October 14th, 2007
Tiny Dancer
[originally recorded September 24th, 2007]
And I think about what it must have been like in 1981. The sky grey, a slight blue tint to the buildings and people’s skin. Cars made less of plastic and more of metal. Cigarettes, numbers, The Wall Street Journal. My grandparents brought me a BOSCH-labelled racing car from Denmark.
and a camera that has seen the world
The smooth, black metal. The serial number engraved into the back of the body, painted white letters bright as the day they were pressed.
I breathe on the stock 50mm f/1.8, and the fog recedes slowly across the iridescent glass. I think about late model automobiles and the leather seats in “The Grey Ghost”, my grandparents’ digitally-augmented Chrysler New Yorker.

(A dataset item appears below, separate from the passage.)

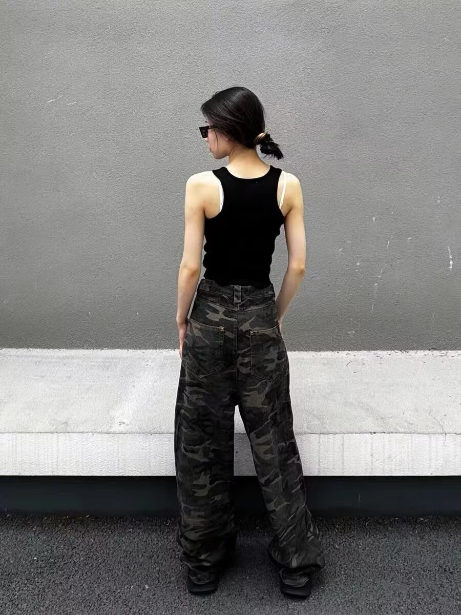 홍콩 스타일 유행 남성 여름 새로운 2025 개인 편지 청바지 힙합 Ins 트렌디 하이 스트리트 트렌디 한 바지

Donuts from Paul’s Bakery under the train tracks and the weathered Ralston-Purina check on top a red smokestack.
I go to the iPod with a burning thrust of nostalgia to listen to “Tiny Dancer”, but not finding it settle for “Goodbye Yellow Brick Road” and jump forward a couple years, falling into a drowning tide of medical complexes, dental offices and dry, latex gloves. Mom, Tony, and I at Chuck E. Cheese where I witnessed the horror of seeing The Beagles in a storeroom closet, wires hanging in silent death. The clown ball game we made a mockery of and eventually buying the motorized Tryptacon I pined over for so long.
Somewhere, twenty years ago, this moment was born in wool.